What the hell are we to make of Hal Hartley’s “Simple Men” (1992)? The dialogue is so overtly written that one questions whether it consists entirely of literary quotations (à la Jean-Luc Godard’s “Nouvelle vague” [1990]); the performances are so intensely mannered and stylized that one questions whether Hartley didn’t shack up with a bunch of Brecht plays before determining how he wanted his film to move and sound; the soundtrack is so repetitive, bland and yet weirdly clingy that one questions whether one is losing one’s mind as one succumbs to the film’s absurdist brand of logic sometime during its second half.

Hartley is quite self-conscious when evoking the aforementioned JLG; indeed, the specter of Godard (himself far from dead) looms over every single sequence in “Simple Men.” Perhaps it’s a testament to the film’s third-hand uniqueness and derivative originality that it more closely resembles Godard’s sublime 80s output than it does his more widely-recognized 60s streak (“Breathless” [1959] through “Le gai savoir” [1968]).

The film’s characters might be machines built to spew pith and poetry, but “Simple Men” is also marked by an incredibly delicate sensibility manifested through its thoroughly Godardian mise en scène; whereas another director might’ve been more concerned with the swagger of his actors or their fidelity to the spirit of the letter when delivering lines (I’m looking at you, Tarantino), Hartley demonstrates his—once more with feeling—Godardian reverence for the aesthetic excess of the image and the purity of the artificial moment.
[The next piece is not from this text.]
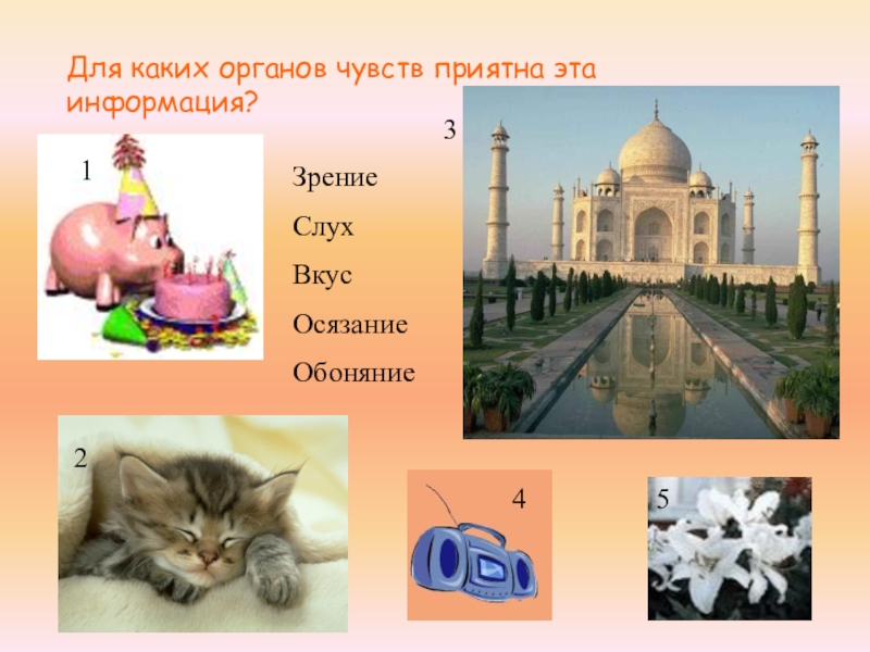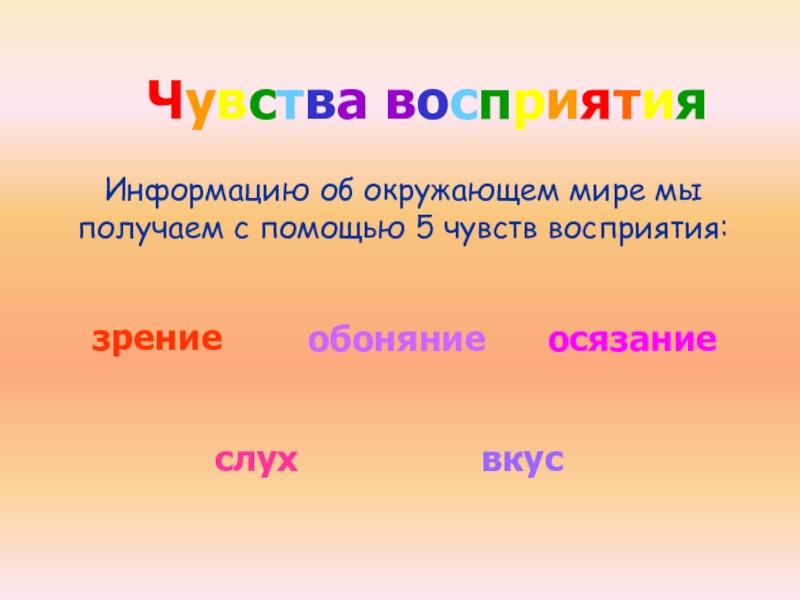 По информативности осязание занимает третье место после зрения и слуха. Это единственное чувство, кроме зрения, которое дает сведения о форме и количестве предметов. В отличие от остальных четырех чувств, которые реализуются через конкретные органы - глаза, уши или рот, - осязательные ощущения воспринимаются по всему телу. Осязание дает информацию только при касании.

The film’s plot is, of course, nonsensical.  The hairstyles, the clothes and the soundtrack (featuring Sonic Youth’s “Kool Thing”) are all overwhelmingly 90s. By the time that I made it to the second half of “Simple Men,” I found myself even more engaged with its system of big moments and tiny details than I’ve been with some of the gorgeous but inflexible Godard efforts from the same period.